TRY IT: Exclude all pictures, and reproduce exactly the lines from the one containing "南方财经6月16日电,企查查" through the end of the records, with nothing else added.

DATASET EXTRACT:

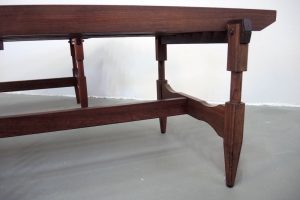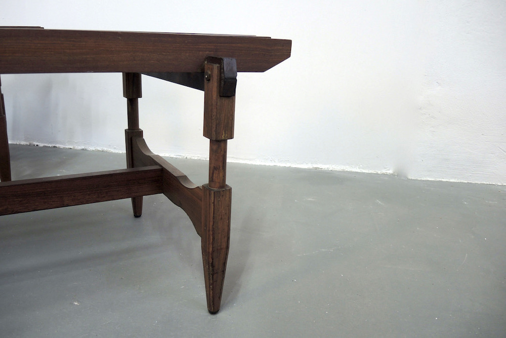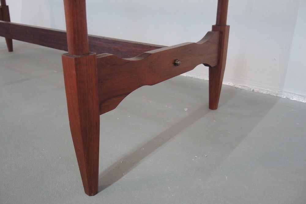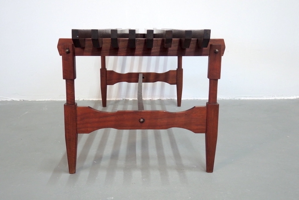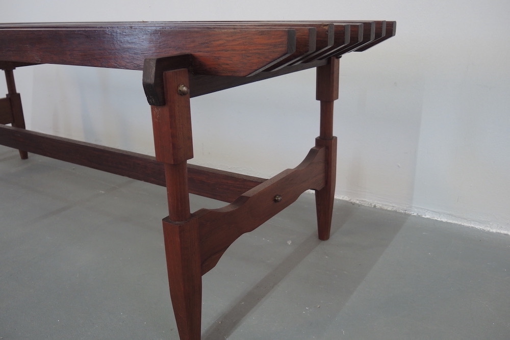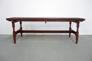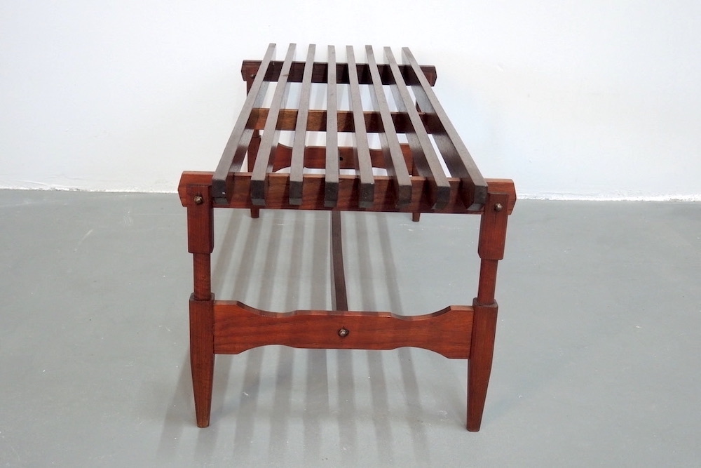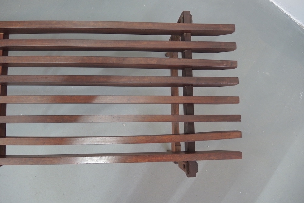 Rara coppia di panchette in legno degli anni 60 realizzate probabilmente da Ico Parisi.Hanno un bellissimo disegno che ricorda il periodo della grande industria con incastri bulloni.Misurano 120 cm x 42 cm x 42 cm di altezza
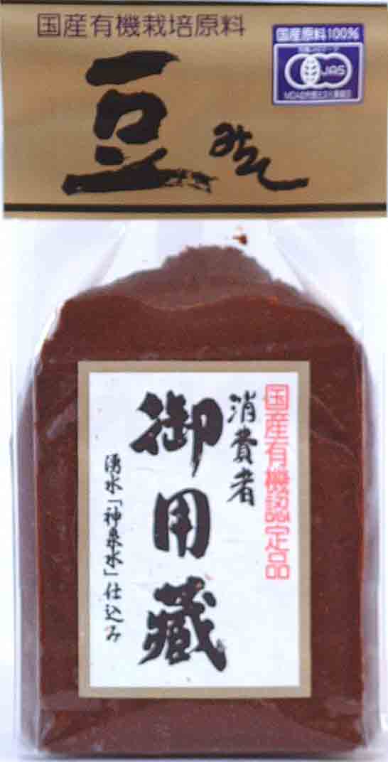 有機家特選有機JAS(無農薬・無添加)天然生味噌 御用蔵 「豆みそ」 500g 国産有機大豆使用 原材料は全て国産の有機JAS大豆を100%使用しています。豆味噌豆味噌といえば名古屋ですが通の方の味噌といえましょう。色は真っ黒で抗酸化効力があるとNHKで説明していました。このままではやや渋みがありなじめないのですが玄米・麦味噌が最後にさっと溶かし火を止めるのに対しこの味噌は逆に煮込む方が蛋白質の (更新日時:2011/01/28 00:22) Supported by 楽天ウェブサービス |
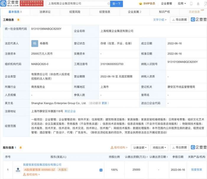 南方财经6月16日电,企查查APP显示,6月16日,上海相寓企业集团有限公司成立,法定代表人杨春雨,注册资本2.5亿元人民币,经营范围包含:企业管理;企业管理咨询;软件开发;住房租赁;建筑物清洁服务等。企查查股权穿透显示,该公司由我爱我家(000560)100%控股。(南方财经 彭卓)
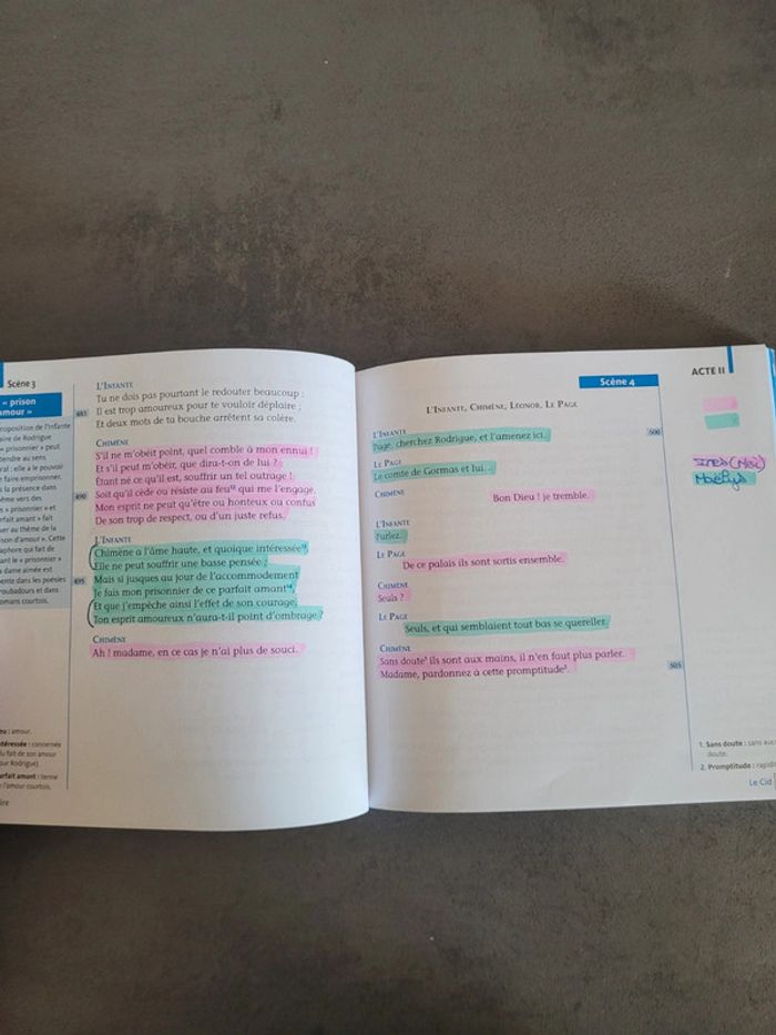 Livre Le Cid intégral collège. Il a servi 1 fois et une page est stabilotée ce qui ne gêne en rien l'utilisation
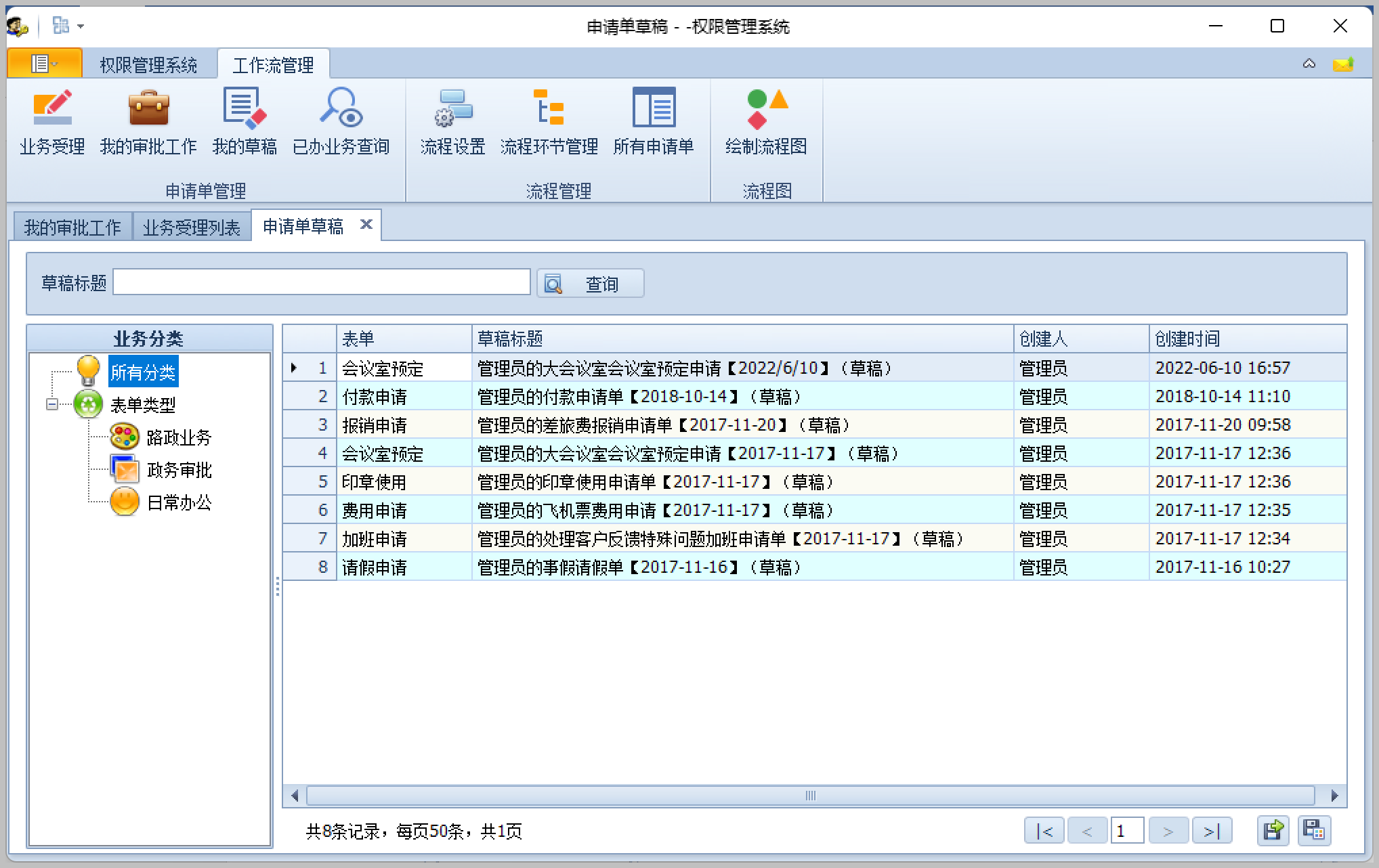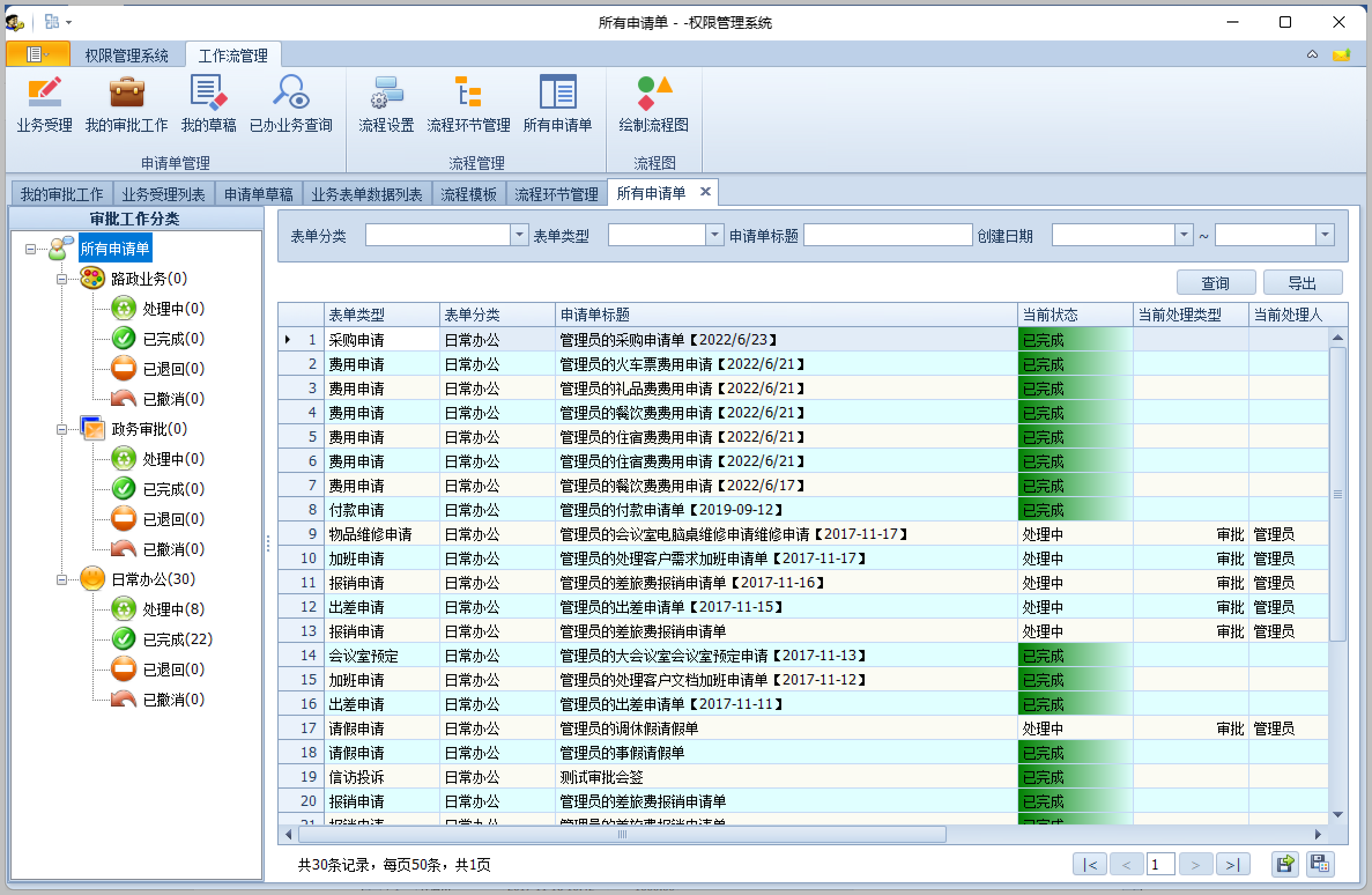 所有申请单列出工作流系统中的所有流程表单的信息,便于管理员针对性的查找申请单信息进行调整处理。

SOLUTION TO THE PROBLEM:
 南方财经6月16日电,企查查APP显示,6月16日,上海相寓企业集团有限公司成立,法定代表人杨春雨,注册资本2.5亿元人民币,经营范围包含:企业管理;企业管理咨询;软件开发;住房租赁;建筑物清洁服务等。企查查股权穿透显示,该公司由我爱我家(000560)100%控股。(南方财经 彭卓)
 Livre Le Cid intégral collège. Il a servi 1 fois et une page est stabilotée ce qui ne gêne en rien l'utilisation
 所有申请单列出工作流系统中的所有流程表单的信息,便于管理员针对性的查找申请单信息进行调整处理。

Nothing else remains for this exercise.